The Other Side Of Everything

Mila Turajlic

In her first documentary feature, Cinema Komunisto, Mila Turajlic traced the rise and fall of her native Yugoslavia though a history of its cinema. The film was imbued with nostalgia for what Tito's experiment might have been, while also chronicling the state's excesses and absurdities. Her new film follows the trajectory of Serbia from the perspective of her mother, Srbijanka. From communism to Milosevic to today's resurgent nationalists, she's been a public voice of resistance to multiple regimes. Nostalgia for the past has given way to confronting the politics of the present.

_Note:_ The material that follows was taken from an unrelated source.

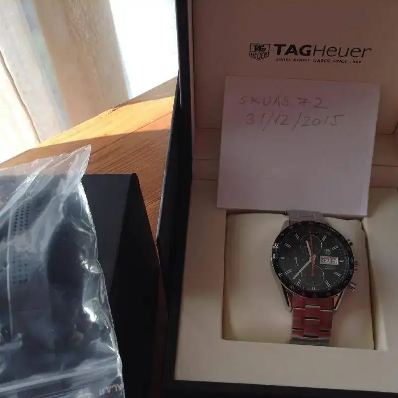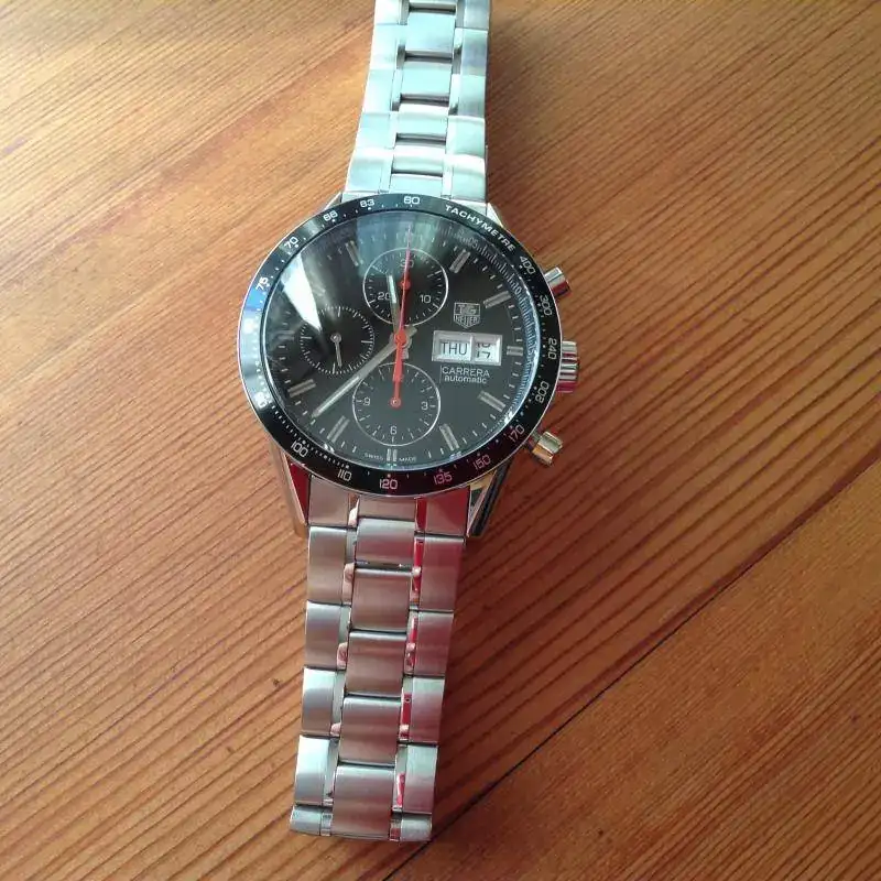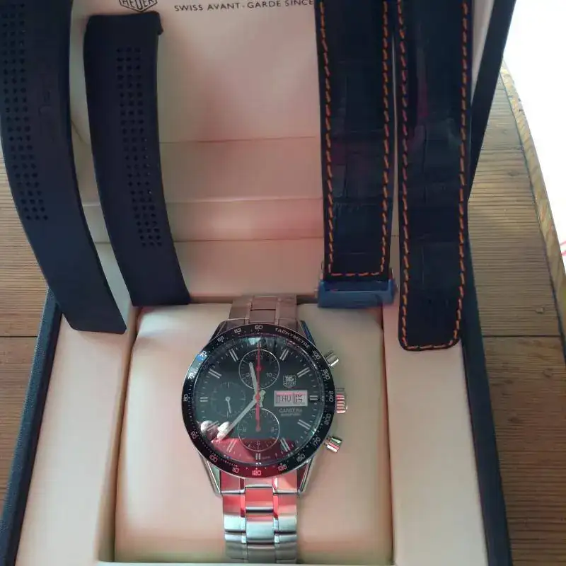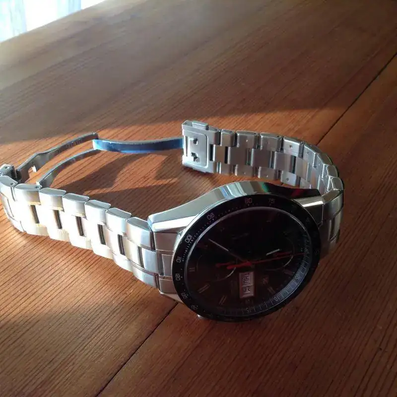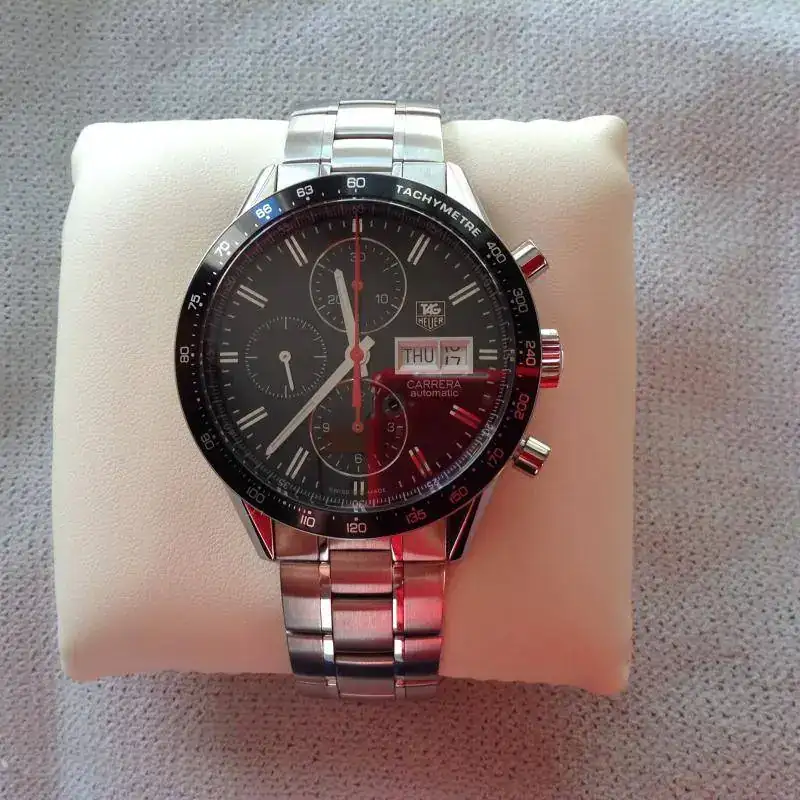 Saco a la venta este TAG HEUER CARRERA DAY DATE . Su estado es de re estreno, conservando sus plásticos de protección el reloj,el armis y el deplo. Este modelo venia con caucho, pero el compre el armis y una correa de cocodrilo de Jacob Strap especifica para este modelo. El precio de tarifa de este reloj son 4200, euros que si le sumamos el precio del armis y de la correa de piel, llegamos a más de 4700 euros.

As a title, The Other Side of Everything has multiple meanings. It refers to the other side of a doorway in the apartment where Srbijanka grew up and still lives. Like many large apartments, under communism her home was divided in 1945 to accommodate multiple families. A double doorway in her living room has remained locked ever since. For Mila, what lies on the other side is a mystery.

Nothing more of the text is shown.